Письмо к моей дочери - Майя Анджелу
Шрифт:
Интервал:
Закладка:
Мне пришлись по душе мягкий напевный местный выговор и творческий подход к английскому языку. В супермаркете кассирша спросила, нравится ли мне Уинстон-Салем. Я ответила:
– Нравится, вот только бывает слишком жарко. Я с трудом такое выношу.
Кассирша, не отрываясь от пробивания моих покупок, ответила:
– Оно верно, доктор Анджелу, но и жара у нас не навеки – ее потом ветром вынесет.
Я отыскала Баптистскую церковь на горе Сион и вступила в ее члены – там были прекрасный хор и преданный своему делу священник. Рядом находились основная и учебная городские клиники. Одна из моих коллег занималась творчеством Эмили Дикинсон, другая – европейской поэзией XVII и XIX веков, а значит, мне было с кем поговорить о стихах – любимейшем моем предмете.
У Уинстон-Салема есть свои недостатки. За улыбками на лицах не утихает разгул расизма, а в определенных кругах о женщинах по-прежнему говорят как о красивых и удобных посудинах. Мой покойный друг Джон Килленс однажды сказал мне: «Мейкон в Джорджии – он ниже к югу, а Нью-Йорк – он выше к югу».
Впрочем, дремучее невежество найдется везде, где бы ты ни поселился.
Энн Спенсер, великая афроамериканская поэтесса конца XIX – начала ХХ века, очень любила Вирджинию и очень любила Роберта Браунинга. Она написала стихотворение «На всю жизнь, бедный Браунинг…».
«В весеннее время в Вирджинии словно в раю».
Может, касательно Вирджинии это и правда. Могу сказать точно, что это правда касательно Северной Каролины и в особенности – Уинстон-Салема.
21. Национальный дух
В последние четыре десятилетия наш национальный дух и природное веселье всё убывают. Наши ожидания как нации сильно снизились. Наша надежда на будущее сникла настолько, что, если ты заикнешься, что надеешься на светлое завтра, ответом тебе будут хохот и фырканье.

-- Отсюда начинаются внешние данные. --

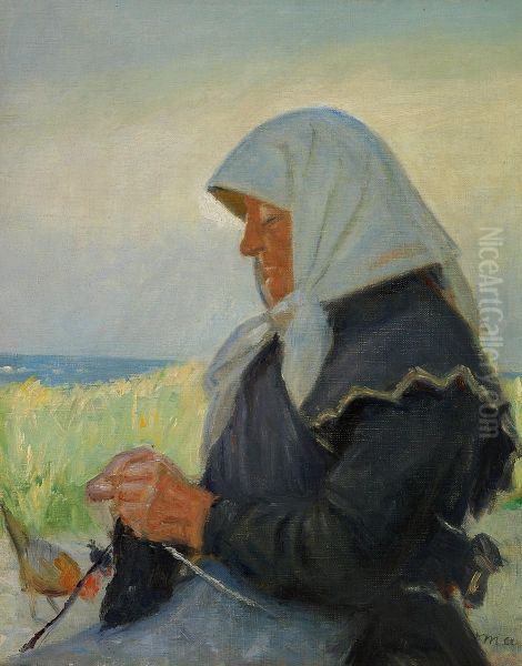 The painting Strikkende fiskerkone i klitterne (2) by Michael Peter Ancher captures a serene yet profound moment in the daily life of a Danish fishing community. Bathed in soft natural light, the elderly fisherwoman sits knitting amid the dunes, her weathered hands and calm expression embodying resilience and quiet dignity. Ancher, a central figure of the Skagen Painters, masterfully blends realism with subtle impressionistic touches—particularly in the play of light on her apron and the delicate rendering of the sand. Created in the late 19th century, this work exemplifies the Skagen movement’s focus on local life and natural beauty, bridging Danish Golden Age traditions and emerging modernism. Its historical significance lies in its authentic portrayal of rural labor, challenging romanticized narratives while celebrating human connection to landscape.
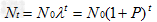2、种群增长率:一段时间内,种群增加的数量与该段时间起始数量之比。按照前面的假设,在t时间内种群增长率为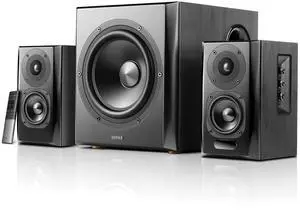 Features: 24 WATTS RMS POWER OUTPUT - Active bookshelf speaker system with 24W total power output with calibrated, flared bass reflex port in front CLASSIC WOOD FINISH - 100% wooden enclosures to minimize acoustic resonance, Magnetically shielded speakers CABLES INCLUDED - RCA and 3.5mm cables and speaker wire included. Universal 110V-240V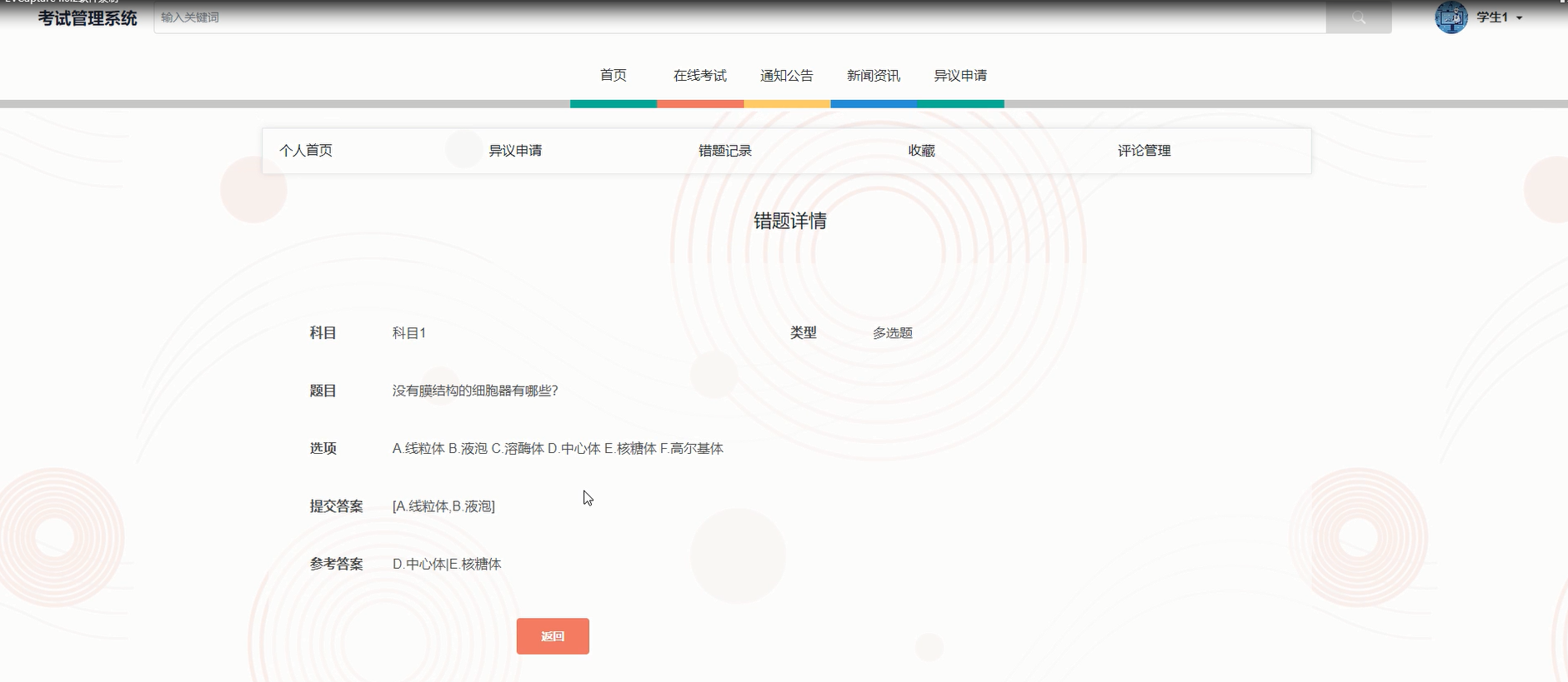 错题记录:系统自动保存学生考试中的错题,学生可在此模块查询、删除错题记录,也可通过科目名称和题目名称进行精准搜索。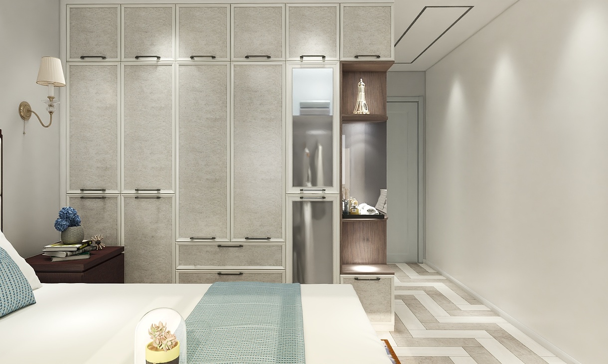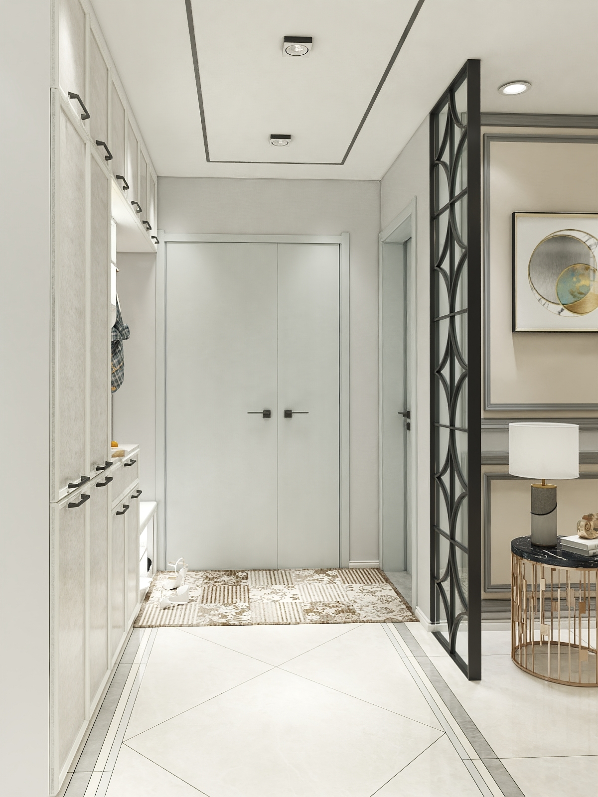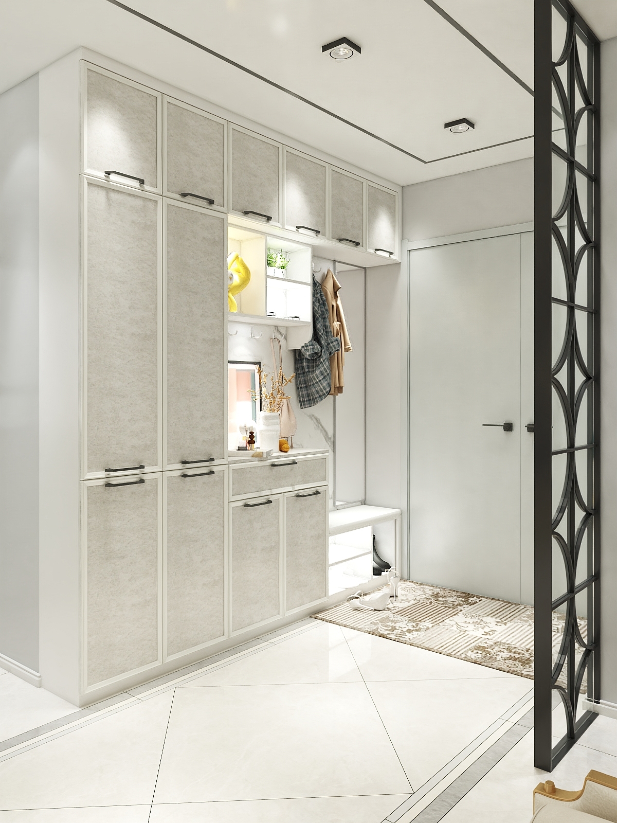 衣柜,鞋柜、着装镜、换鞋凳、随手搁置钥匙的抽屉与挂衣区,简易仪容区,满足出入的所有需求,也许出双入对这才是我们所追求的浪漫生活。

Как вышло, что мы пришли в этот мир так поздно и такими одинокими? Когда мы отказались от своего стремления привить высокую нравственность тем, кто топчет наш пейзаж своими вульгарными обвинениями и непозволительными измышлениями?
Разве мы не тот же народ, который сражался в европейской войне, чтобы искоренить арийскую угрозу уничтожения целой расы? Разве мы не трудились, не молились, не создавали замыслы построения лучшего мира? Разве мы не те граждане, которые боролись, протестовали и садились в тюрьму, чтобы вытеснить из нашей страны узаконенный расизм? Не мы ли мечтали о стране, где свобода есть часть национального самосознания, а достоинство служит главной целью?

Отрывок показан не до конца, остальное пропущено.